Je veux prolonger l’hommage de Monseigneur de Sinety aux treize militaires français morts lundi au Mali lors de la collision entre deux hélicoptères qui poursuivaient des terroristes.
Six officiers, six sous-officiers et un caporal-chef ont donc été emportés vers l’au-delà où toute hiérarchie s’efface devant celle de l’amour.
Prenons la mesure de la peine de ceux qui les aimaient. Je pense bien sûr à leurs compagnes, mais aussi à neuf enfants soudain orphelins de père, dont un non encore né. Et l’on sait combien la perte d’un compagnon bienaimé peut toucher l’enfant d’une femme enceinte.
Comme lors de précédents deuils, une chose m’a frappé : la tonalité paisible des paroles publiques des proches des soldats disparus – parents, conjoints, frères ou sœurs, camarades. Cette paix tranche avec le ton de proches d’autres victimes du terrorisme. Les familles de soldats ont intégré par avance la possibilité et le sens du sacrifice ultime.
L’un des treize, légionnaire né Bogota, s’était engagé dans l’armée pour – expliquent ses parents adoptifs – « rendre à la France ce qu’elle lui avait donné ». Originaire de Colombie, il est donc mort au Mali, pour la France.
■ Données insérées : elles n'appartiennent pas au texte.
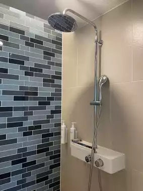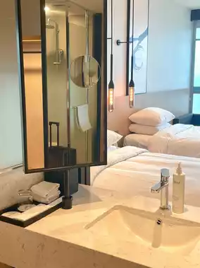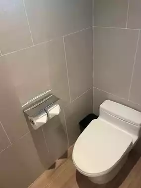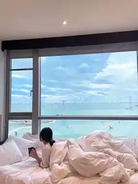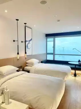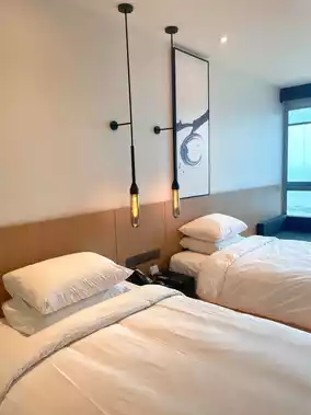 The sliding door made the space utilization really good, and the bed was really wide and the sofa was really soft. It was so good that a family of three or three people could come and sleep here. The room condition was gooood.

Pour notre liberté.
Le président de la République a aussitôt loué « treize héros ». Un journaliste spécialisé dans la défense s’est demandé en quoi un accident pouvait relever de l’héroïsme. On lui a rétorqué qu’une mission de combat de nuit, à basse altitude et haute vitesse, pour une noble cause, est en elle-même héroïque. En réalité, tout l’engagement anti-terroriste de terrain de nos forces militaires mérite ce qualificatif, même quand la mort n’en est pas le prix.
Et si l’héroïsme était un appel intérieur à tout être humain ?
Face à son assassin, l’abbé Hamel, humble prêtre âgé, a nommé devant son meurtrier le mal personnifié. Héroïque ! Héroïque aussi le lieutenant-colonel Arnaud Beltrame mort pour s’être substitué à un otage à Trèbes. Héroïque donc tout militaire qui consent à risquer sa vie pour les missions qui lui sont confiées. Héroïque, chaque mère qui se dévoue nuit et jour pour son petit enfant et se donne sans compter. Héroïques, chaque père, chaque soignant, chaque mourant qui nous édifie.
Je vois – chez ces hommes destinés à nous protéger – le signe que l’héroïsme est notre appel commun : si je suis capable du pire, je suis aussi capable du meilleur. La plus belle réponse à la banalité du mal, révélée par Hannah Arendt, c’est la banalité du bien. Donner sa vie pour ses amis, il n’y a pas de plus grand amour.